From the data below, retype exactly the lines starting with the one that contains "美國消費者新聞與商業(yè)" and ending with the one that contains "26 ноября. Этой", both included.

> _Supplied records_:
*** Block opens ***
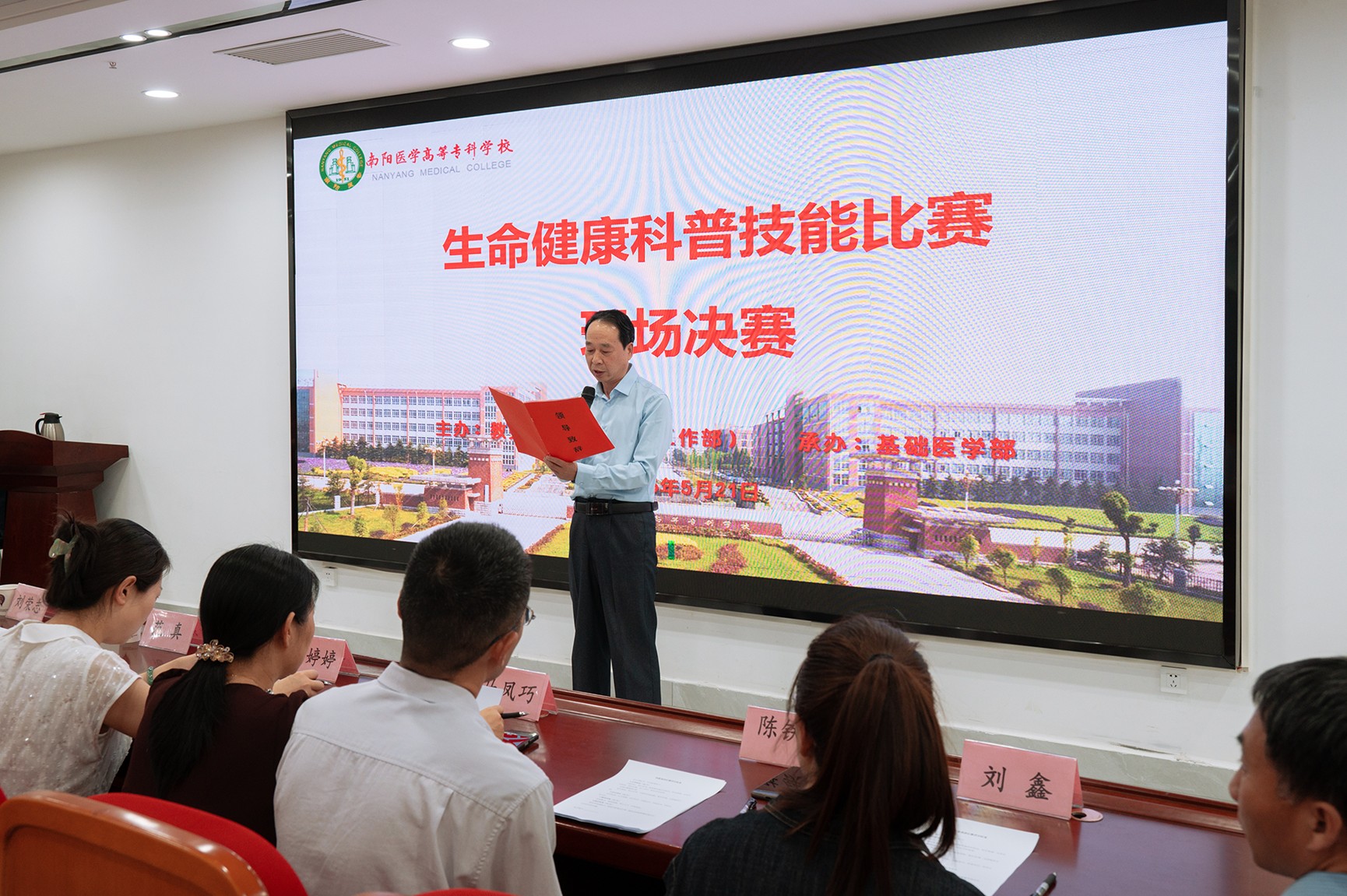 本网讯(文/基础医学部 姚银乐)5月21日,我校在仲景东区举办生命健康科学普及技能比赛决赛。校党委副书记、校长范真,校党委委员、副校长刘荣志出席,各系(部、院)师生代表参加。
*** Block closes ***
*** Block opens ***
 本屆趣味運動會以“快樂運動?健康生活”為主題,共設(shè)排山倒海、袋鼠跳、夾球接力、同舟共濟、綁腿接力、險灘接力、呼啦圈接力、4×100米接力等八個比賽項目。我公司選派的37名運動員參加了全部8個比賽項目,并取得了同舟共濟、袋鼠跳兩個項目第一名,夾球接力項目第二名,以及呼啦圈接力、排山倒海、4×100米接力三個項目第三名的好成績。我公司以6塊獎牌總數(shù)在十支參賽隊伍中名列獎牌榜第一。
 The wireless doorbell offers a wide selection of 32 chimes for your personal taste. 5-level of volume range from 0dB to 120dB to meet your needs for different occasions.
*** Block closes ***
*** Block opens ***
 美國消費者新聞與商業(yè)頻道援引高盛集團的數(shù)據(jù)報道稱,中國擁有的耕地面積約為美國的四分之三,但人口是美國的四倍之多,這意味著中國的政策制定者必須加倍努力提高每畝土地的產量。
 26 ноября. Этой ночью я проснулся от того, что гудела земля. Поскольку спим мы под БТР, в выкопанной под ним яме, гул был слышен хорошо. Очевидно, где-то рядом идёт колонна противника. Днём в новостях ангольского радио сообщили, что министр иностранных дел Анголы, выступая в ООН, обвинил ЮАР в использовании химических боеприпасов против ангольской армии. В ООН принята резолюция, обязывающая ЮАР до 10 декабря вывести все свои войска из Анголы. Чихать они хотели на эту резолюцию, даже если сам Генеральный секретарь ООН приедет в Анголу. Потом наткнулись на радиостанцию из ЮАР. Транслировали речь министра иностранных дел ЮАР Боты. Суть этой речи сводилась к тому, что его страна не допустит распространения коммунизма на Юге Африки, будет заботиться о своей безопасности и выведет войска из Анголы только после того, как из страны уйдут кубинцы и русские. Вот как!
*** Block closes ***
> _Response below_:
 美國消費者新聞與商業(yè)頻道援引高盛集團的數(shù)據(jù)報道稱,中國擁有的耕地面積約為美國的四分之三,但人口是美國的四倍之多,這意味著中國的政策制定者必須加倍努力提高每畝土地的產量。
 26 ноября. Этой ночью я проснулся от того, что гудела земля. Поскольку спим мы под БТР, в выкопанной под ним яме, гул был слышен хорошо. Очевидно, где-то рядом идёт колонна противника. Днём в новостях ангольского радио сообщили, что министр иностранных дел Анголы, выступая в ООН, обвинил ЮАР в использовании химических боеприпасов против ангольской армии. В ООН принята резолюция, обязывающая ЮАР до 10 декабря вывести все свои войска из Анголы. Чихать они хотели на эту резолюцию, даже если сам Генеральный секретарь ООН приедет в Анголу. Потом наткнулись на радиостанцию из ЮАР. Транслировали речь министра иностранных дел ЮАР Боты. Суть этой речи сводилась к тому, что его страна не допустит распространения коммунизма на Юге Африки, будет заботиться о своей безопасности и выведет войска из Анголы только после того, как из страны уйдут кубинцы и русские. Вот как!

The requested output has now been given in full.